From the entries below, reproduce exactly the lines from the one with "the EHDS framework." through the one with "Dunlop Maxply Fort", both included, without images.

Data entries
*** Begin section ***

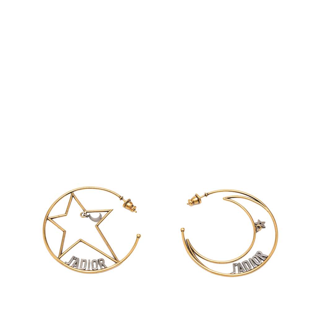 Dior Gold Plated Moon and Star JAdior Hoop Push Back Earring
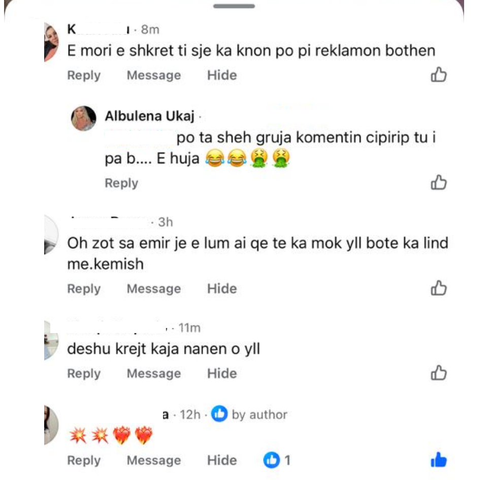 Në stilin e saj, Albulena nuk ka zgjedhur të heshtë. Ajo i ka kthyer një përgjigje të drejtpërdrejtë dhe mjaft ironike komentuesit, duke i përmendur bashkëshorten dhe pasojat që do të kishte nëse ajo do t’i shihte komentet e tij nëpër profilet e femrave të tjera. Kjo përplasje ka marrë menjëherë vëmendje, duke vërtetuar se këngëtarja është e gatshme t’u përgjigjet kritikave pa dorashka teksa shijon klikimet e projektit të saj më të ri. /Prive By Liberta Spahiu
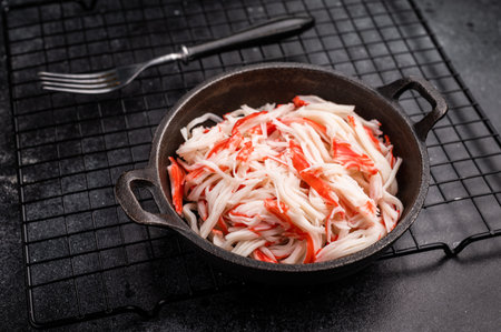 Japanese Crab meat, crabmeat imitation in a skillet. black background. top view.
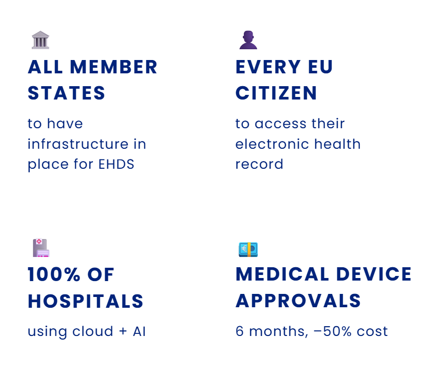 • All Member States to have all infrastructure in place to meet the requirements of the EHDS framework.
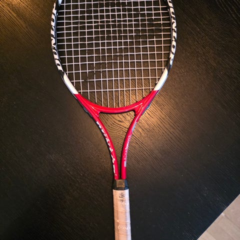 Dunlop Maxply Fort tennis racket med rød overflate og trehåndtak. Racketen er produsert i England. Kommer med original cover
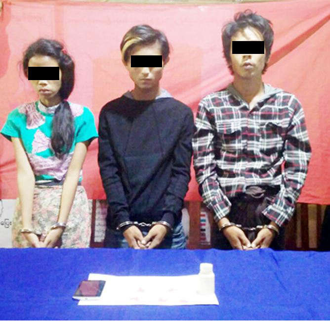 Acting on a tip-off, police members from Kyaukpadaung Myoma Police Station searched the house of Ma Han Ni Aye in Myoma Ward in Kyaukpadaung at about 2:05 am today and arrested three suspected drug pushers, identified as Mah Han Ni Aye, 35, Hein Moe Oo, 26, and Soe Lwin Myo, 20, along with 51 stimulant tablets weighing 5.1 grams worth K 153000 and a mobile phone.
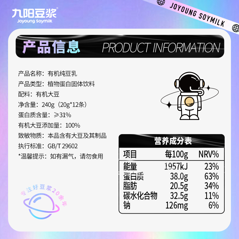 Jiuyang soy milk organic pure soy milk powder bag without added sugar original flavor soy milk student nutrition breakfast meal replacement
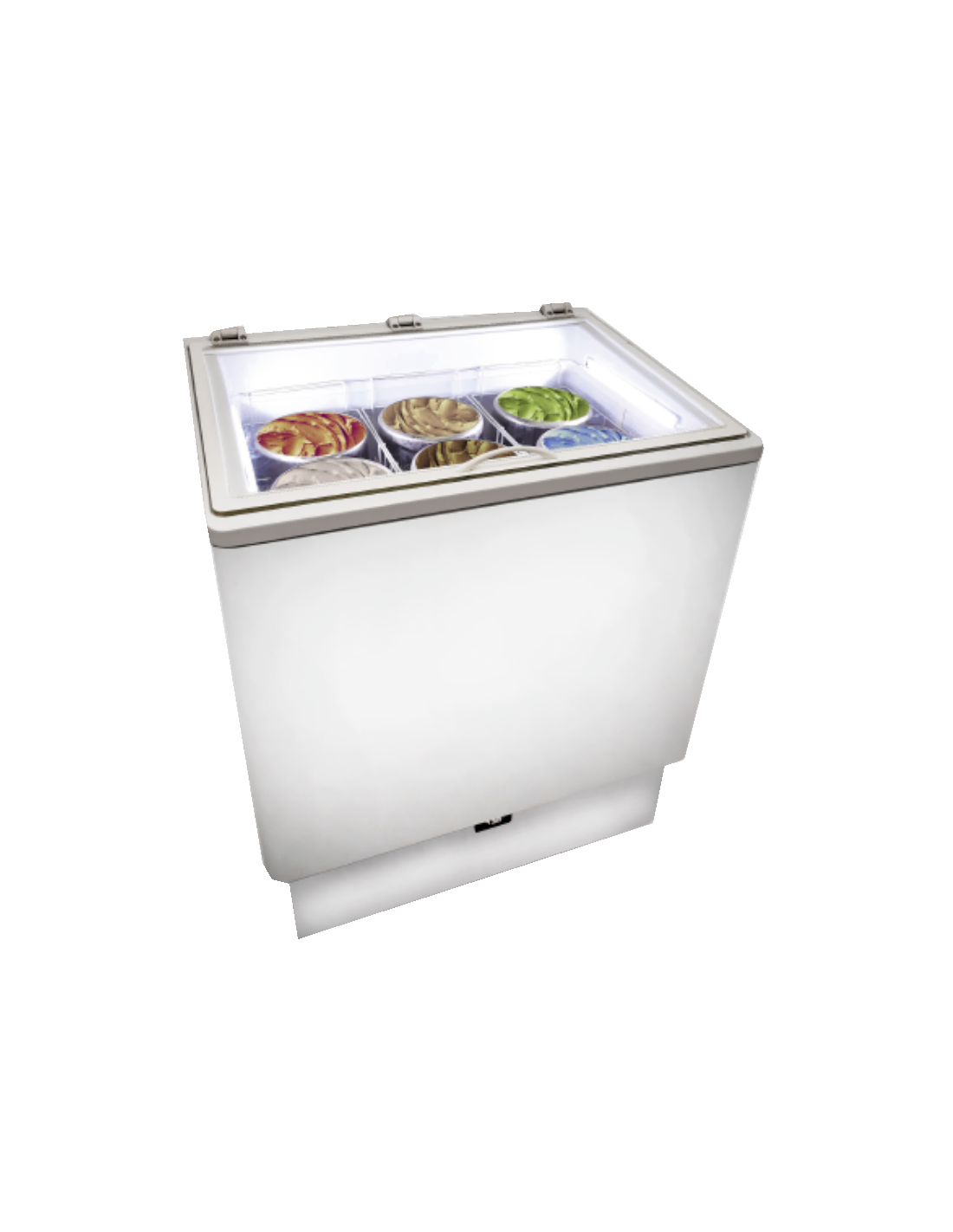 Vitrina de helados - Modelo JOY - Temperatura -10 - 22°C - Estática - Dimensiones cm 85 x 62,7 x 101 h - Cestas antigiro para recipientes de 6 x 8 litros.

*** End section ***

> TASK OUTPUT:
 • All Member States to have all infrastructure in place to meet the requirements of the EHDS framework.
 Dunlop Maxply Fort tennis racket med rød overflate og trehåndtak. Racketen er produsert i England. Kommer med original cover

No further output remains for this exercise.